Action item: All pictures must be left out as you transcribe the lines from the first line of the data to the line containing "Conjunto Infantil Texturizado", both included.

Excerpts from a dataset
-- Opening Marker --

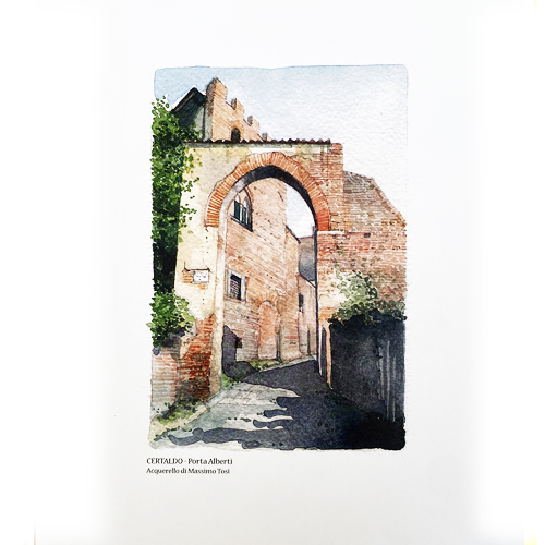 Watercolor Certaldo Alto Porta Alberti – Massimo Tosi
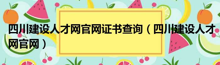 四川建设人才网官网证书查询(四川建设人才网官网)
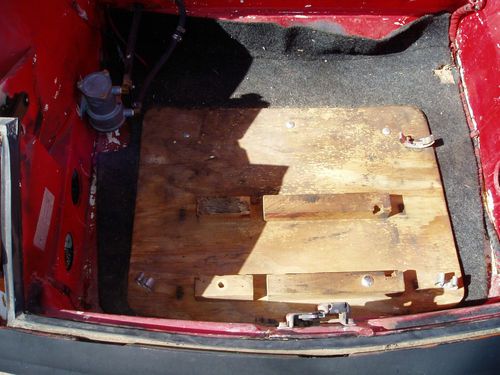 The front trunk has a hole in it that I have been told was for an after-market A/C. The person I got the car from had never removed the wooden floor that covers that hole. The Green floor you see in the pictures was purchased to have that floor repaired - which is included with the sale of the car. I have replace the rear trunk lid springs with damper lifts as well as hinges for the rear lid that were bent.
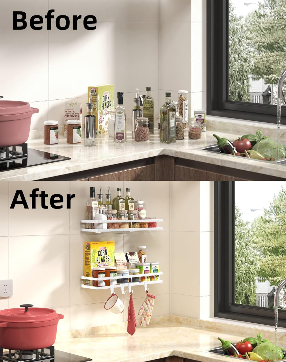 - 【Large Capacity 2 Pack】- It's a wonderful seasoning organizer, easily free up more space for you, with no more clutter in your house and kitchen.Suitable for spices, salt, pepper, sugar, cooking oils, etc. This multifunctional storage rack can also be used in bathrooms, pantries, doors, cabinets.
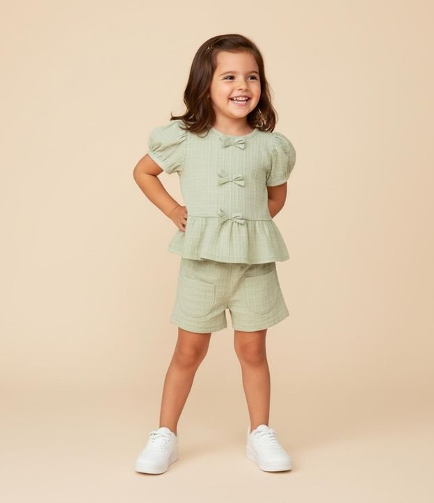 Conjunto Infantil Texturizado com Lacinhos - Tam 1 a 6 Anos Verde
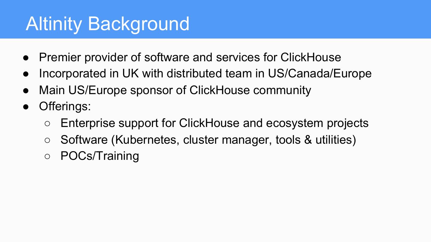 3 .Altinity Background ● Premier provider of software and services for ClickHouse ● Incorporated in UK with distributed team in US/Canada/Europe ● Main US/Europe sponsor of ClickHouse community ● Offerings: ○ Enterprise support for ClickHouse and ecosystem projects ○ Software (Kubernetes, cluster manager, tools & utilities) ○ POCs/Training
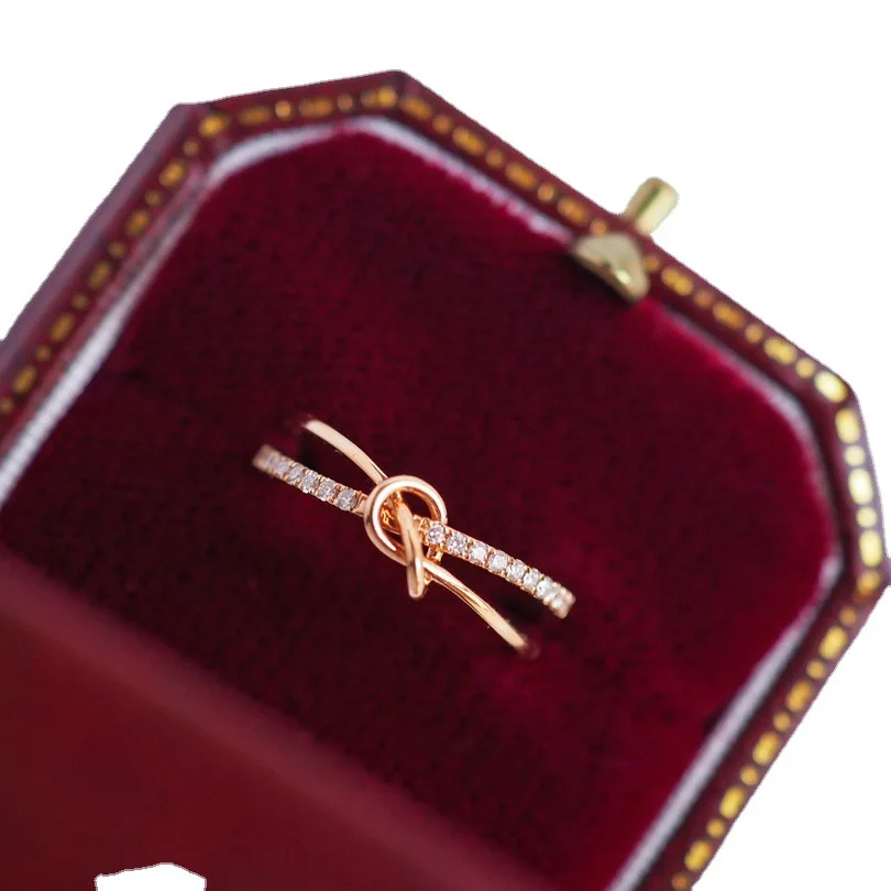 Elegant Artistic Dense Inlaid Zircon Knot Double Layer Ring For Women

-- Closing Marker --

Result:
 Watercolor Certaldo Alto Porta Alberti – Massimo Tosi
 四川建设人才网官网证书查询(四川建设人才网官网)
 The front trunk has a hole in it that I have been told was for an after-market A/C. The person I got the car from had never removed the wooden floor that covers that hole. The Green floor you see in the pictures was purchased to have that floor repaired - which is included with the sale of the car. I have replace the rear trunk lid springs with damper lifts as well as hinges for the rear lid that were bent.
 - 【Large Capacity 2 Pack】- It's a wonderful seasoning organizer, easily free up more space for you, with no more clutter in your house and kitchen.Suitable for spices, salt, pepper, sugar, cooking oils, etc. This multifunctional storage rack can also be used in bathrooms, pantries, doors, cabinets.
 Conjunto Infantil Texturizado com Lacinhos - Tam 1 a 6 Anos Verde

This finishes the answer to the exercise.